Barbarella (Vadim, 1968) 1/10

Who seduces an angel? Who strips in space? Who conveys love by hand? Who gives up the pill? Who takes sex into outer space? Who's the girl of the 21st century? Who nearly dies of pleasure? (Promotional Tagline)

In April, 1968 director Stanley Kubrick released 2001: A Space Odyssey: an ingenious blend of celestial special effects and avant-garde narrative constructs. Planned and constructed over a number of years, the film's meticulous visuals are still some of the most remarkable and durable creations ever captured on celluloid. Time has fared well for Kubrick's creation. Six months later, another noted sci-fi film was released. Yet, unlike Kubrick's futuristic vision, time has not been kind to Roger Vadim's 1968 film Barbarella. In fact, time has been rather spiteful.

For all her successive achievements in films such as Sydney Pollack's They Shoot Horses, Don't They?, Alan J. Pakula's Klute and Hal Ashby's Coming Home, Jane Fonda has never been able to live down her most infamous performance as the title character in her then-husband Roger Vadim's 1968 film Barbarella. When recently asked where her head was when she agreed to play the title role of Jean Claude Forest's adult graphic novel, Fonda responded "I don't know- up my armpit."

Barbarella is arguably Jane Fonda's filmic "Hanoi Jane" moment: an error in retrospect and a blight on her career. And while her outspoken political views and notorious photograph perched upon a North Vietnamese anti-aircraft gun still bewilderingly anger Vietnam veterans, Barbarella has somehow shockingly become her most famous role.

Directed by French filmmaker Roger Vadim, Barbarella must have been a Sixties teenage nerd's cinematic "wet dream:" a ridiculously campy and trashy softcore sci-fi spoof filled with sexual innuendo, entendres and psychedelic imagery; essentially a sexed-up Star Trek parked outside an intergalatic bordello-cum-opium den. In the film, Jane Fonda stars as Barbarella, a 41st century century agent for the Republic of Earth asked by the President of Earth to track down missing scientist Duran Duran (Milo O' Shea) who is threatening the peaceful balance of the galaxy.

To the tune of the film's catchy psychedelic-lounge soundtrack, Barbarella begins with the film's infamous zero gravity strip. It is here that Vadim outlines the limited perspectives of Barbarella: a tongue-in-cheek film of risque images and bawdy space humour. Yet, the imagery produced in Claude Renoir's cinematography is hardly sexy or humourous. Instead the film is often offensively backward with feminist activist Fonda surprisingly playing a character that is neither strong nor rounded.

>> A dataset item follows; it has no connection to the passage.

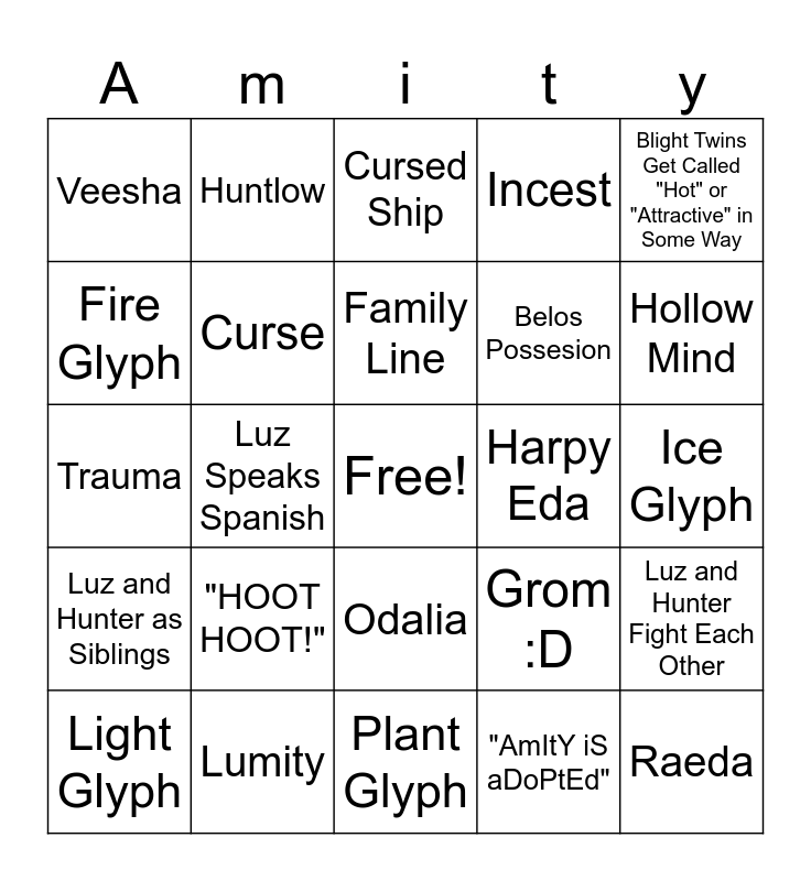 This bingo card has a free space and 24 words: "HOOT HOOT!", Lumity, Family Line, Light Glyph, Blight Twins Get Called "Hot" or "Attractive" in Some Way, Veesha, Fire Glyph, Huntlow, Harpy Eda, Odalia, Belos Possesion, Trauma, Grom :D, Luz and Hunter Fight Each Other, Curse, "AmItY iS aDoPtEd", Ice Glyph, Cursed Ship, Hollow Mind, Luz Speaks Spanish, Raeda, Luz and Hunter as Siblings, Incest and Plant Glyph.

Instead Barbarella is a product of a mechanized future in which emotions and interactions are repressed through pills and robotic language. The inhabitants of other worlds are mocked for their savagery. Yet, this "living in a primitive state of neurotic irresponsibility" is inherently sexualized, rather than fashioned through technological sources. Such is the development of the human race that intercourse is performed through narcotics, rather than intimate interaction. But while, Vadim could have suggested this as part of a larger problem of social detachment, instead he milks it for petty laughs.

After being rescued from a group of vile children, Barbarella's saviour, a man wearing a suit that appears to have once been a Wookie, asks her for sexual compensation. Yet, instead of using pills, the man pleasures sexually innocent Barbarella with genuine, "savage" intercourse. Naturally Barbarella enjoys it so much, that throughout the rest of the film, she struggles to keep the flimsy strands of her space lingerie on: exchanging pleasure for good deeds from Pygar (John Philip Law) a blind angel in a bird's nest and undressing in front of a half-brained revolutionary.

Yet, Barbarella's heterosexuality is always maintained, despite threats from Anita Pallenberg's bisexual tyrant The Black Queen. Pallenberg's repeated suggestions to sleep with Barbarella, become like the other running gags in the film, a tiresome bore. Vadim's continual attempts to illustrate the greatness of old-fashioned attitudes backfires in the film's liberalized sexuality. While espousing the rhetoric of "free love," Vadim also positions Barbarella as an ignorant nymphomaniac.

Despite being charged with a position of responsibility, Barbarella lacks intellectual acumen and personal independence. Continually throughout Barbarella, the title character spends more time wooing space creatures and emphasizing the extensiveness of wardrobe than planning a cunning operation to save the universe. Because of this, she repeatedly requires the assistance of men or masculinized women to aid her plight. In fact, the universe is saved not through her skill, but rather through male incompetence. Additionally, the film's metaphoric notion of "the pill" seems to dwell on an idea of a female character abandoning the real "pill" and returning to an atmosphere most suited to her lasvicious cartoon anti-feminism: the home.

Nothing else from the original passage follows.